That's actually an interesting example.  The above code has
undefined behavior, regardless of what the user code does, since
you cannot copy an uninitialized value (in theory, and except
with memcpy and the like.)

And while I don't know about this exact example, I have had
problems in the past with code like:

    struct
    {
        char            name[ 20 ] ;
        char            id[ 15 ] ;
        //  ...
    } ;

being used for disk layout, and the fields being initialized
using strcpy.  I got error messages from the system about
reading uninitialized memory.

--
James Kanze                                           GABI Software
Conseils en informatique orient   e objet/
                   Beratung in objektorientierter Datenverarbeitung
9 place S   mard, 78210 St.-Cyr-l'   cole, France, +33 (0)1 30 23 00 34


---
[ comp.std.c++ is moderated.  To submit articles, try just posting with ]
[ your news-reader.  If that fails, use mailto:std-c++@ncar.ucar.edu    ]
[              --- Please see the FAQ before posting. ---               ]
[ FAQ: http://www.comeaucomputing.com/csc/faq.html                      ]





Author: "kanze" <kanze@gabi-soft.fr>
Date: Thu, 18 May 2006 00:56:44 CST
Raw View
"Tom   s" wrote:
> > Does all of this imply that the following expression need not be true:

> > sizeof( u16 ) == sizeof ( u8 )

> Meant to write:

>     sizeof(u16) == 2 * sizeof( u8 )

The important point here is that sizeof(T) * CHAR_BIT doesn't
necessarily give you the log2 of
std::numeric_limits<T>::max()+1 (supposing the latter
representable).  Unless T is unsigned char.  Thus, on a Unisys
series A, short, int and long all have a sizeof of 6, CHAR_BIT
is 8, but UINT_MAX is 2^40, and not 2^48.

--
James Kanze                                           GABI Software
Conseils en informatique orient   e objet/
                   Beratung in objektorientierter Datenverarbeitung
9 place S   mard, 78210 St.-Cyr-l'   cole, France, +33 (0)1 30 23 00 34


---
[ comp.std.c++ is moderated.  To submit articles, try just posting with ]
[ your news-reader.  If that fails, use mailto:std-c++@ncar.ucar.edu    ]
[              --- Please see the FAQ before posting. ---               ]
[ FAQ: http://www.comeaucomputing.com/csc/faq.html                      ]





Author: kuyper@wizard.net
Date: Thu, 18 May 2006 00:58:21 CST
Raw View
kanze wrote:
.
> Not in C -- this is an extension in C++.  In C, the standard
> explicitly allows negative 0 (in 1's complement and signed
> magnitude representation) to be a trapping value -- this
> obviously doesn't affect unsigned char, but it does mean that
> signed char, and plain char if it is signed, can have a trapping
> representation.

Oddly enough, trap representations aren't defined by the fact that they
trap, they are actually defined by the fact that they don't represent a
valid value. The term "trap" refers to the fact that any attempt to
actually use the value of an object containing a trap representation
(in C++ terms, this would correspond to an lvalue->rvalue conversion)
has undefined behavior - except if it is accessed through an lvalue of
character type. The C standard doesn't explain what happens if you try
to access a trap representation of a character type, but it clearly
prohibits the operation from trapping.

I have never quite figured out what to make of that. Some people have
argued that the absense of any definition of the behavior renders the
behavior implicitly undefined, and that makes a bit of sense, but that
interpretation makes the exception for character types pointless.

---
[ comp.std.c++ is moderated.  To submit articles, try just posting with ]
[ your news-reader.  If that fails, use mailto:std-c++@ncar.ucar.edu    ]
[              --- Please see the FAQ before posting. ---               ]
[ FAQ: http://www.comeaucomputing.com/csc/faq.html                      ]

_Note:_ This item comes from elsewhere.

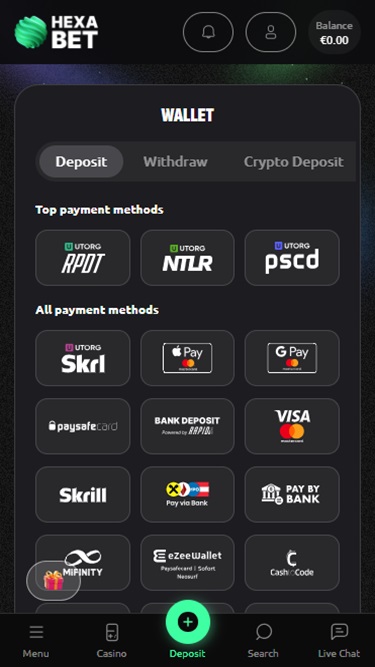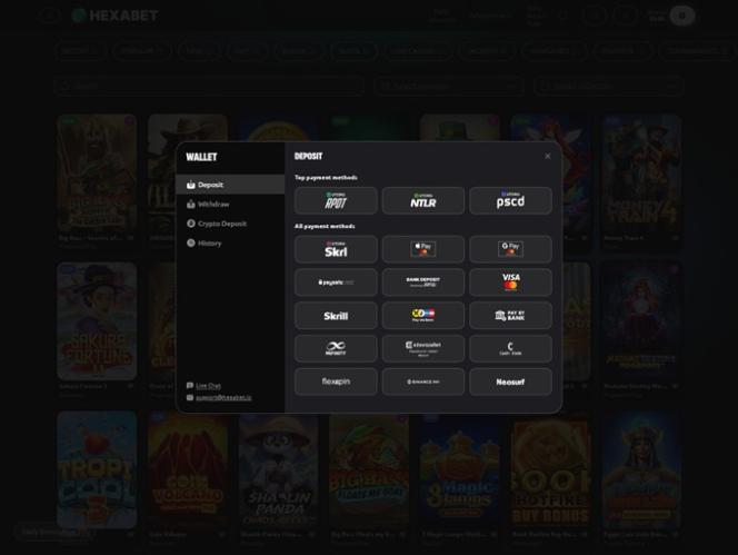 Banking銀⾏業務選項 的 Hexabet Casino

Author: "Tom s" <NULL@NULL.NULL>
Date: Fri, 12 May 2006 12:15:31 CST
Raw View
Jeff Rife posted:

>> Is there not a requirement whereby an X-Bit unsigned integral type
>> can:
>>
>> a) Hold 2^X unique values
>>
>> b) Store values 0 to ( 2^X - 1 ) inclusive
>
> For "signed char" and "unsigned char" (and thus, "char"), there appears
> to be this requirement based on the wording in 3.9.1.1, but "these
> requirements do not hold for other types".  There are no changes to
> this section in the draft concerning this wording, so I'd say it's not
> gonna change.


[Note to moderator: This is my second time sending this; I sent it yesterday
but it never showed up. Please discard the previous post if you end up
letting this one through.]

Here's a quotation from page 82 of the Standard:-

3.9.1.4 :

/* Begin Quotation */
Unsigned integers, declared unsigned, shall obey the laws of arithmetic
modulo 2^n where n is the number of bits in the value representation of that
particular size of integer.
(This implies that unsigned arithmetic does not overflow because a result
that cannot be represented by the resulting unsigned integer type is reduced
modulo the number that is one greater than the largest value that can be
represented by the resulting unsigned integer type.)
/* End Quotation */


>From this, we can conclude the following:

1) 16-Bit unsigned integers obey the laws of arithmetic modulo 65 536.
2) The number by which the figure is reduced modulo is one greater than the
largest value that can be represented, and therefore, the max value can be
calculated from 65 536 - 1, yielding the max value as: 65 535.

Mathematically speaking, if a 16-Bit unsigned integral type can store values
in the range 0 to 65 535 inclusive, then each unique bit-pattern has a
corresponding valid value. Therefore, there can be no "invalid" bit pattern.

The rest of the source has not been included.